Easiest way to do "replace col1 = col2 if col3" in a dataframe

A very common operation in data manipulation: Update in-place col1 from col2 but only for rows where conditions hold for col3. If we stick to DataFrames, it has to be:

dt[dt.c, a] = dt[dt.c, b]

so we have to carry dt. all around, which can be very unhandy once dt is long.

The syntax in the title is from Stata. Thanks to its (unattractive) feature of handling only one dataframe at a time, it can avoid repeating dt.

In data.table from R, we could also do:

dt[c, a = b]
# (May not be the exact syntax - has been a while) 

Any hacks to achieve similiar simplicity in Julia?

A complicated version:

transform!(df, [:a, :b, :c] => ((a, b, c) -> ifelse.(c, b, a)) => :c)

A shorter version would use DataFramesMeta

@with df :a[:c] .= :b[:c]

This is definitely something we can focus on improving in the future.

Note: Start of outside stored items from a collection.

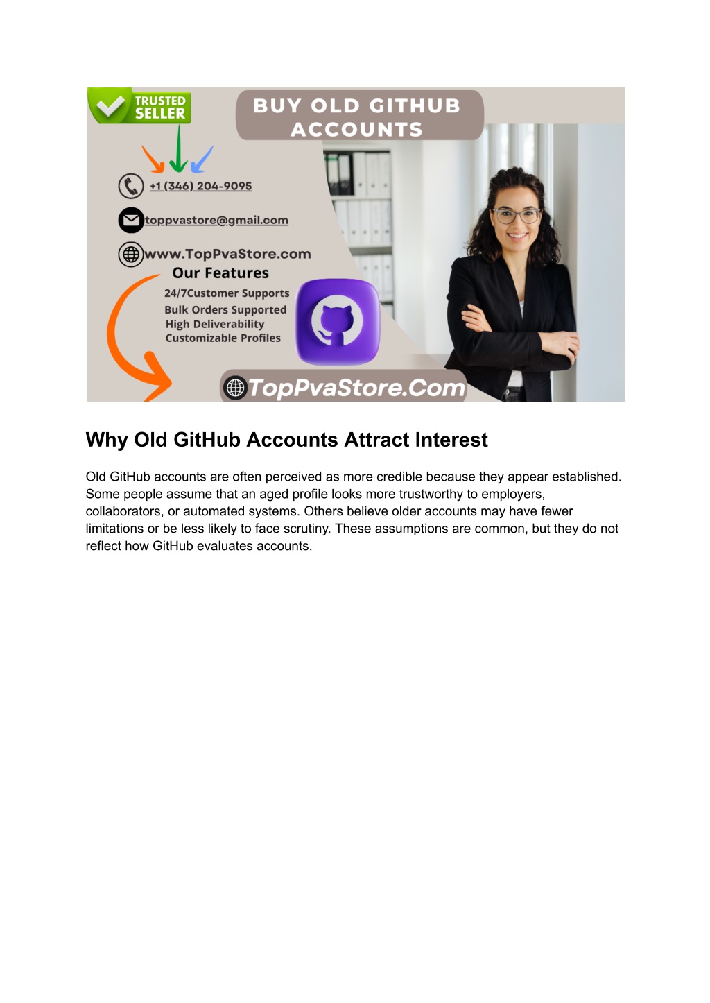 1. Buy Old GitHub Accounts: An Informational Overview Introduction The search phrasebuy old GitHub accounts appears more often as GitHub continues to dominate the software development and open-source ecosystem. With millions of repositories, contributors, and organizations, GitHub profiles often act as public records of technical history and credibility. This visibility has led some users to explore the idea of acquiring older accounts rather than creating new ones. Understanding what this practice implies—and the risks involved—is essential before forming conclusions. https://toppvastore.com/product/buy-github-accounts/ For 24/7 Support Contact Us Now: ✅Email:toppvastore@gmail.com ✅WhatsApp:+1 (346) 204-9095 ✅Telegram: @TopPvaStore What People Mean by Buy Old GitHub Accounts When users refer to buy old GitHub accounts, they are usually talking about accounts that were created years ago and may show activity such as repositories, stars, followers, or contribution history. GitHub does not sell accounts and does not allow account transfers. Any account offered for purchase exists outside GitHub’s official rules and protections.
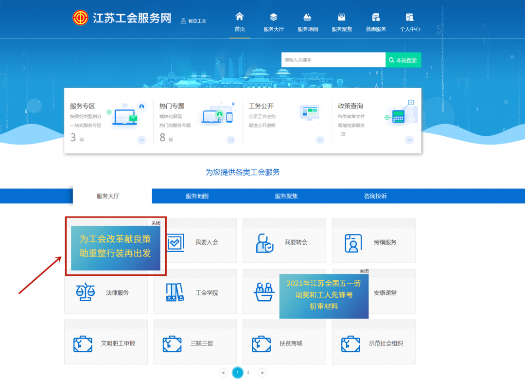 进入“江苏工会”服务网,复制下方链接至浏览器打开。
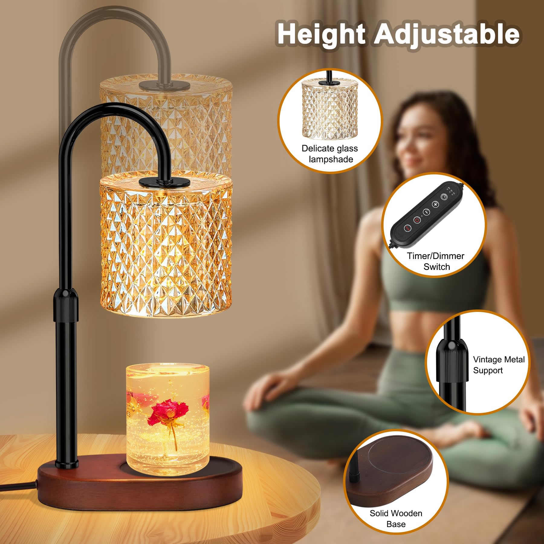 ZENLEA Candle Warmer Lamp with Timer, Wax Melt Warmer with Timer and Dimmer, Adjustable Height Lamp Candle Warmer for Jar Candles, House Warming Gift for Women & Mom, Ideal Christmas Gift

Partially inspired by your second approach, I come up with this self-helping solution before it’s officially tackled by DataFramesMeta:

Define a view version of @where, called @within:

# code copied from DataFramesMeta with return being view:
macro within(x, args...)
    esc(within_helper(x, args...))
end

function within_helper(x, args...)
    t = (DataFramesMeta.fun_to_vec(arg; nolhs = true, gensym_names = true) for arg in args)
    quote
        $within($x, $(t...))
    end
end

function within(df::AbstractDataFrame, @nospecialize(args...))
    res = DataFrames.select(df, args...; copycols = false)
    tokeep = DataFramesMeta.df_to_bool(res)
    @view df[tokeep, :]
end

so we could do:

dt = DataFrame(a = [1, 1, 2, 2], b = rand(4), c = Inf * ones(4))
@with @within(dt, :a .> 1) :b .= :c

excel like solution:

      df.a .= (df.b .- df.a) .* df.c .+df.a